# Provided material

──────────────────────────────

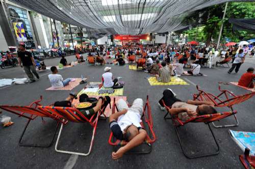 中新網5月18日電 綜合外電報道,泰國反政府紅衫軍一名領導人17日向總理阿披實的一名高級助手打電話建議雙方“休戰”。
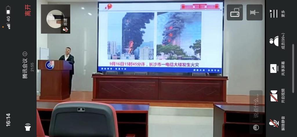 消防安全教育讲座。本次讲座由消防公益服务中心的李教官主讲,全体教职工线下、研究生线上参与本次讲座。
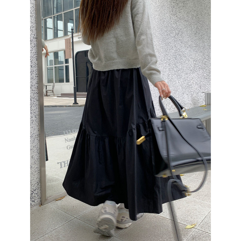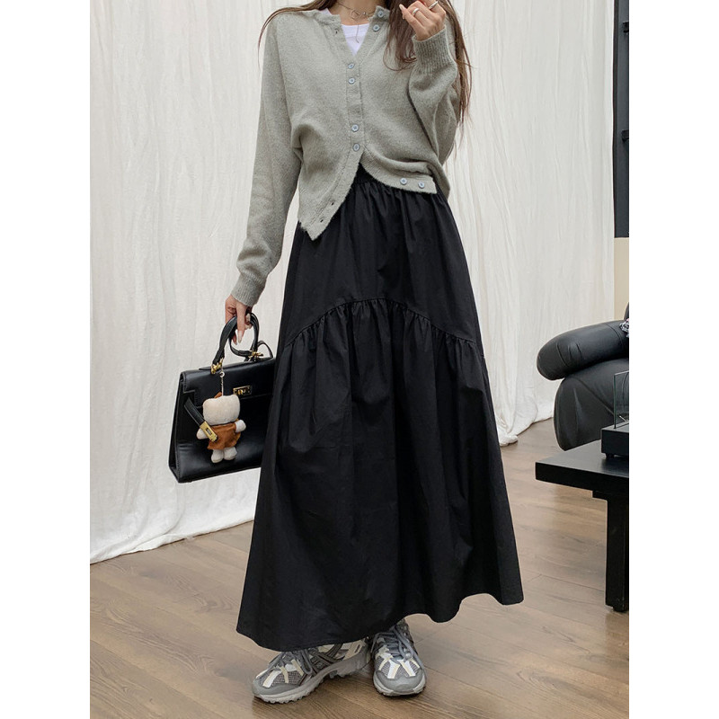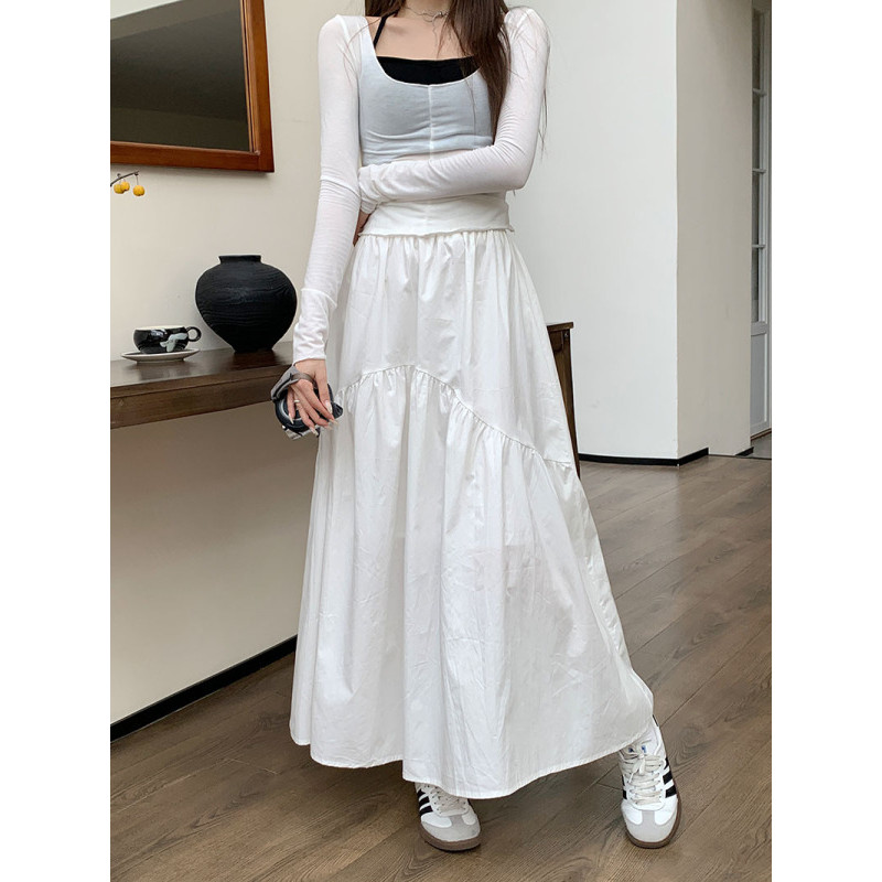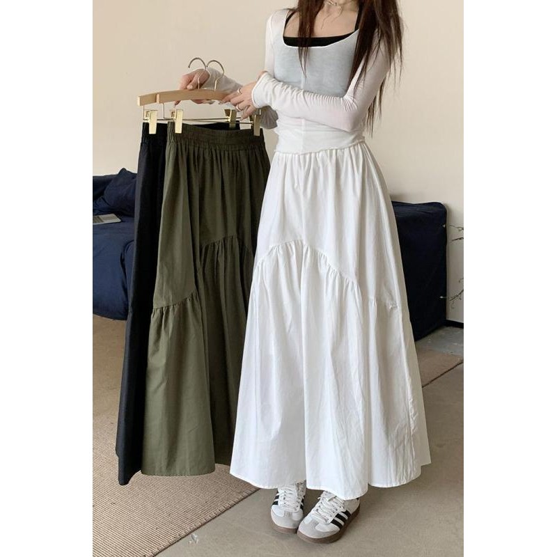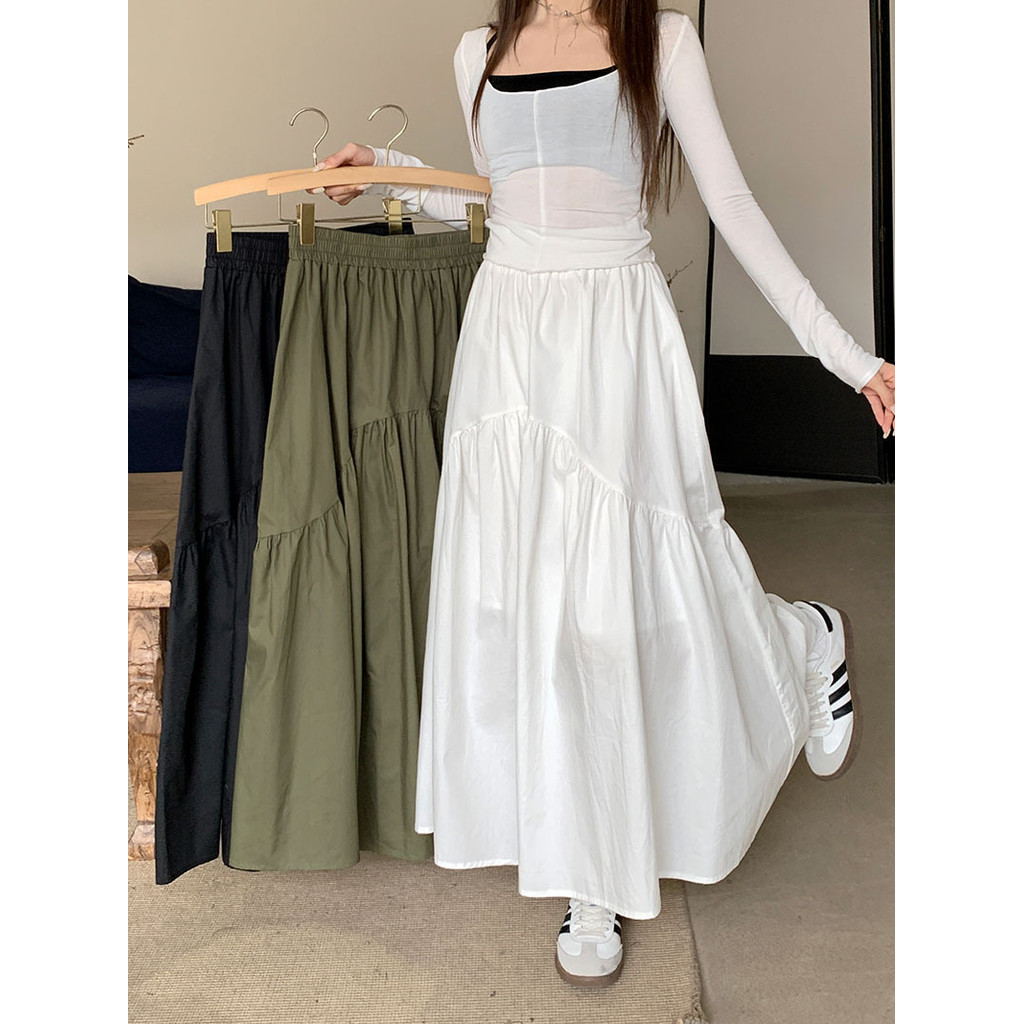【HOT 本舖】 實拍~2023秋季新款韓版鬆緊腰時尚設計感褶皺拼接長裙女潮軍綠色,S|軍綠色,M|軍綠色,L|黑色,S|黑色,M|黑色,L|白色,S|白色,M|白色,LHOT本舖|女裝館

──────────────────────────────

# Task goal
Drop the images and return the data verbatim.

# Written reply
 中新網5月18日電 綜合外電報道,泰國反政府紅衫軍一名領導人17日向總理阿披實的一名高級助手打電話建議雙方“休戰”。
 消防安全教育讲座。本次讲座由消防公益服务中心的李教官主讲,全体教职工线下、研究生线上参与本次讲座。
【HOT 本舖】 實拍~2023秋季新款韓版鬆緊腰時尚設計感褶皺拼接長裙女潮軍綠色,S|軍綠色,M|軍綠色,L|黑色,S|黑色,M|黑色,L|白色,S|白色,M|白色,LHOT本舖|女裝館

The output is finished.